Sizing and Cost Minimization of Standalone Hybrid WT/PV/Biomass/Pump-Hydro Storage-Based Energy Systems

Abstract

In this study, a standalone hybrid wind turbine (WT)/photovoltaic (PV)/biomass/pump-hydro-storage energy system was designed and optimized based on technical, economic, and environmental parameters to provide the load demand with an objective function of minimum cost of energy (COE). The constraints of the proposed approach are the loss of power supply probability, and the excess energy fraction. The proposed approach allows the combination of different sources of energy to provide the best configuration of the hybrid system. Therefore, the proposed system was optimized and compared with a WT/PV/biomass/battery storage-based hybrid energy system. This study proposes three different optimization algorithms for sizing and minimizing the COE, including the whale optimization algorithm (WOA), firefly algorithm (FF) and particle swarm optimization (PSO) and the optimization procedure was executed using MATLAB software. The outcomes of these algorithms are contrasted to select the most effective, and the one providing the minimum COE is chosen based on statistical analysis. The results indicate that the proposed hybrid WT/PV/biomass/pump-hydro storage energy system is environmentally and economically practical.

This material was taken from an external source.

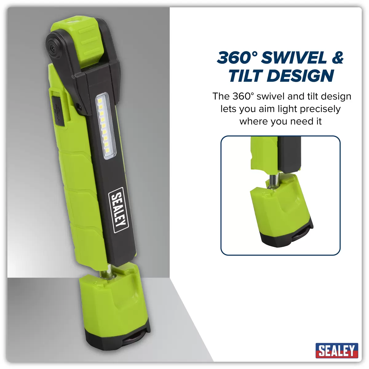 Sealey - LED3605G - Rechargeable 360° Inspection Light 10W & 2 x 4W SMD LED - Green
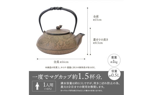 茶こしが付属するため、急須としても使用可能な小ぶりの鉄瓶です。

Meanwhile, the outcomes demonstrated the technical feasibility of a pump-hydro energy storage system in expanding the penetration of renewable energy sources compared to other existing systems. The COE of the pumped-hydro storage hybrid system was found to be lower (0.215 $/kWh) than that with batteries storage hybrid system (0.254 $/kWh) which was determined using WOA at the same load demand.